Dana H. Credit: Craig Schwartz

In the playwright’s notes to Hillary and Clinton, which premiered at Victory Gardens in 2016 before its Broadway run last spring, Lucas Hnath implored future producers, “Do not play for easy recognition. Don’t imitate. Don’t even try to cast actors who look like these people.”

That’s probably sound advice to avoid onstage caricatures of famous people. But when the character onstage is your own mother and the words are her own story, how do you honor that?

In the case of Hnath’s searing Dana H., now onstage at the Goodman’s Owen Theatre (following a run with Center Theatre Group in Los Angeles), the solution is to have Deirdre O’Connell lip-synch her way through his mother’s account of the five months in 1997 when she was kidnapped by a former mental patient (and, crucially, an ex-con member of the Aryan Brotherhood) and moved around a series of sleazy motels, mostly in Florida. Dana Higginbotham was a nondenominational chaplain who met Jim in a psych ward after the latter attempted suicide. She let him stay in her house over Christmas and helped him find an efficiency apartment. After another suicide attempt (captured in photos that O’Connell’s Dana pulls from her purse), a manic Jim broke into her house, knocked her out cold, and took her hostage.

The lip-synching device—though calling it that makes it sound clinical, when it’s anything but—serves not to distance us from Dana’s story, but to surround us with her voice. The interviews with Dana were recorded by Steve Cosson of the New York-based theater company the Civilians, which specializes in “investigative theater,” and adapted by Hnath. Mikhail Fiksel’s sound design gives both volume and subtlety to Dana as she makes her way through a story that, even more than 20 years later, often feels unbelievable to her. And as we hear it, it becomes enragingly unfathomable to us.

O’Connell’s performance under Les Waters’s direction embodies both the doubt and the resilience in Dana as she fiddles with her glasses, twists a water bottle in her hands, and occasionally refers to her own written version of events, apologizing for the fuzziness of the time line she’s recounting. It’s not uncommon for victims of trauma to disconnect physically and feel as if their story is happening to someone else. Centering Dana’s actual voice while using another woman’s physical presence is a way for Hnath to both honor his mother’s experience in her own words (crucial when women’s accounts of violence and abuse are routinely discounted) and embody that disconnect.

The uncertainty of the time line matters less than what emerges over and over in Dana’s narrative: the cops, to put it bluntly, were useless, if not complicit. Time and again, police pull Jim (who has resumed his criminal activities) aside, even as a badly bruised and silent Dana stands by him, only to let him go on his way with a pat on the shoulder and a laugh. Sickeningly, it becomes apparent that his visible Brotherhood prison tats aren’t a warning sign, or at least not the way we might think.

In Dana’s telling, the cops are afraid of the Brotherhood—and from what she recounts of a documentary she saw about them, maybe with good reason.

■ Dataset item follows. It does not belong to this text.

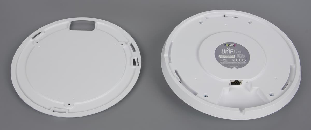 Для установки точки доступа используется комплектное крепление, которое представляет собой круг из пластика с отверстиями для винтов или шурупов и специальными защелками для устройства. В нем также предусмотрена возможность скрытой подводки кабеля к точке доступа.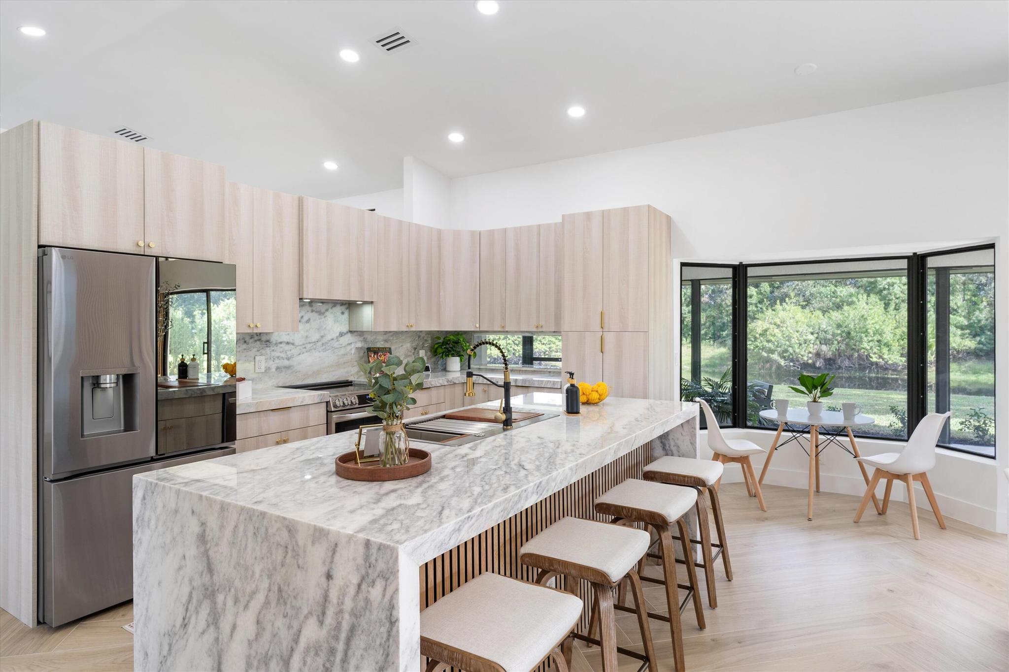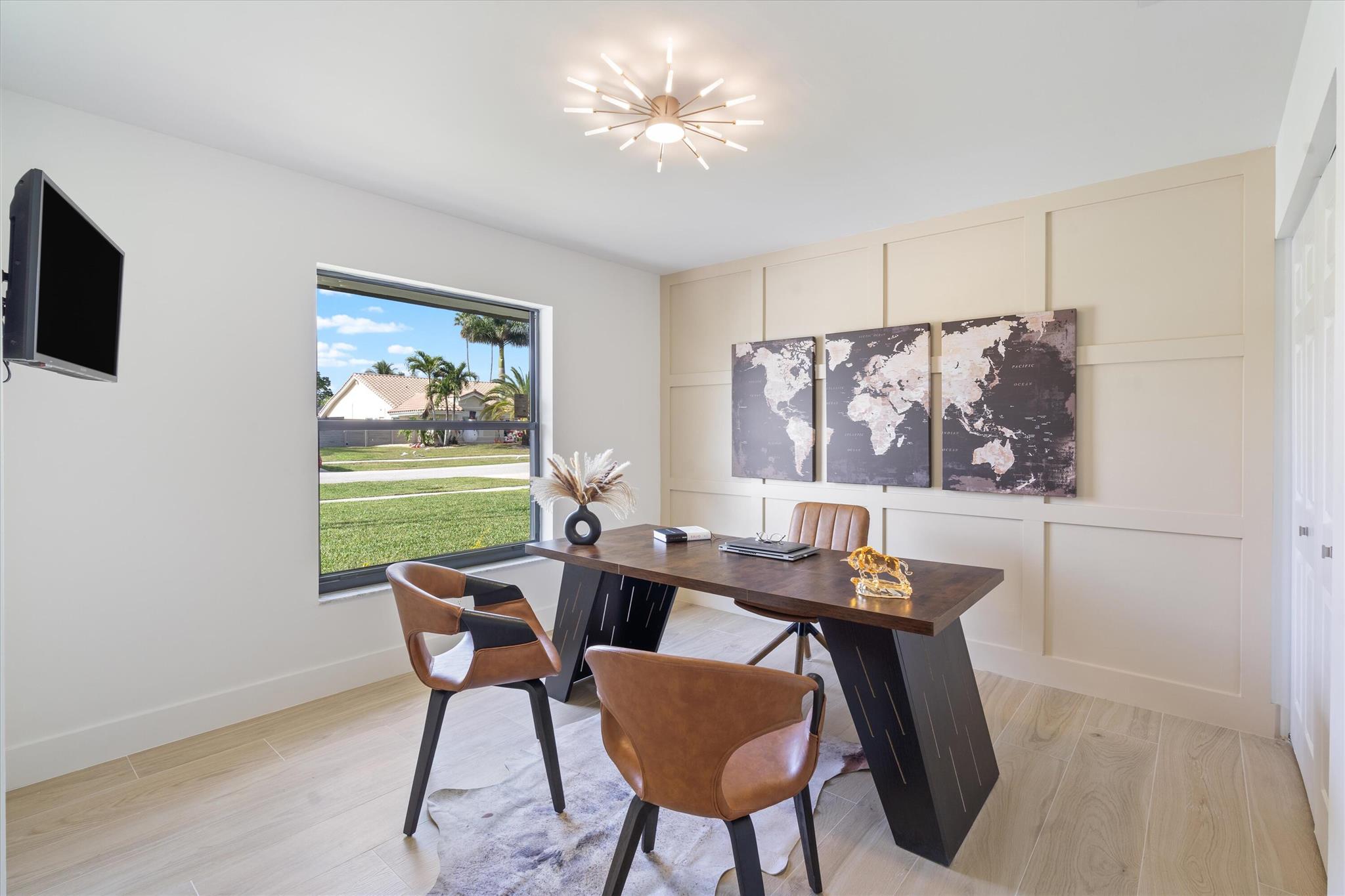 FIRST SHOWINGS THIS WEEKEND. Walking distance to Loggers Run Park you'll find this spectacularly updated 4 bedroom sprawling rancher in gated community of Island Lakes perfect for any sized family. Brand new high impact hurricane windows and doors, 4 ton AC from 2022 plus smart Alexa thermostat. The elegant kitchen includes ventless range hood, smart tech stove and LG refrigerator that makes craft ice, built in island counter microwave, chef's sink and more. Separate laundry room has plenty of space and includes LG ThinQ units which were just purchased and installed. Bathroom countertops are custom fabricated imported marble and are laid on floating vanities with under cabinet LED lighting elements.

Eventually, Dana begins wondering if Jim isn’t actually an informant for law enforcement, which means whatever hell she’s going through is just collateral damage to them.

Dana witnesses Jim’s criminal activity, but this isn’t a story of Stockholm syndrome, a la Patty Hearst. Nor does the narrative dwell on many details of the violence Dana directly experiences, except in one very specific gut-wrenching instance. A survivor of childhood abuse, at one point Dana ponders if that somehow made it easier for her to survive Jim (who was himself raised in the Brotherhood from an early age) than it would be for some “Barbie” who’d never been hit before. “You adapt to maladaptation,” she observes, with heartbreaking understatement, while also wondering if “Jim was the incarnation of my spiritual condition.”

There is hope in this story too, but that comes from Dana’s own ability to listen to others; her specialty as a chaplain is in hospice care, helping those close to death find peace. “A person who can be an empathetic witness can bring healing,” she observes. By trusting the audience to listen to his mother’s story, Hnath asks us to find empathy for those trapped in cycles of abuse, and believe their voices.  v

This review has been amended to correctly reflect the year Dana Higginbotham was kidnapped. It was 1997, not 1998.